# Basic linear regression on fuel efficiency of cars/trucks. Trouble with dims

Hi, I’m new here. While there are many examples online of different models one can make with pymc, I keep having trouble doing something on my own. I have tried pymc multiple times but I think I eventually always run into an issue with dims. I thought maybe try and ask for help once, instead of endless trial and error I made a silly toy dataset to do a pretty basic linear regression to answer a simple question. Are trucks more fuel efficient than cars? Fuel per sec is determined by speed and weight of the vehicle. More speed and weight is more fuel use. Cars and trucks drive the same speeds but trucks are heavier so they use more fuel. But what if we account for the effect of weight itself on fuel use? Maybe trucks have more efficient engines so they use less fuel per sec than cars if they weighed the same?

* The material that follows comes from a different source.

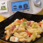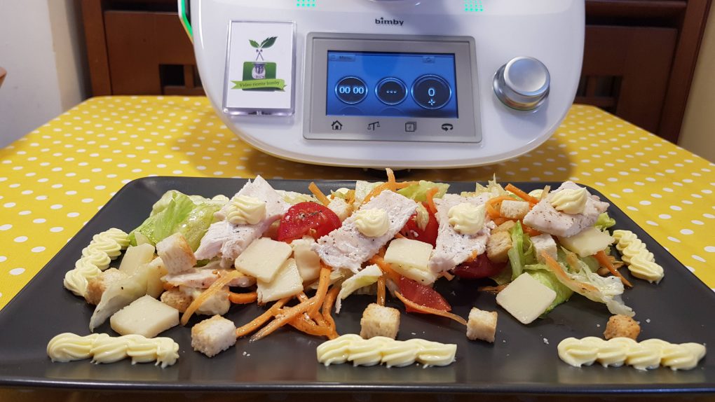 Iniziamo la ricetta mettendo il petto di pollo nel varoma e nel vassoio del varoma che abbiamo precedentemente oliato e condire con sale e pepe. Mettere nel boccale l’acqua, chiudere con il coperchio, posizionare il varoma con il pollo e far cuocere per 30 minuti a temperatura varoma a velocità 2. Terminata la cottura, lasciare raffreddare il pollo, e successivamente tagliarlo a pezzetti.

Below is code that generates the data. The numbers are total nonsense of course, it’s just about the principle. It also includes some plotting and a linear regression with statsmodels as a sanity check. Then the pymc model, sampling and plotting of the results.

My main problem is that I get a posterior for each data point individually. But I simply want to see one for cars and trucks separately and ideally also for their difference. Such that I can conclude something like “After accounting for speed and weight, I am 90% sure the difference in fuel use is more than 5, 80% sure the difference is more than 10, 60% sure the difference is more than 20”.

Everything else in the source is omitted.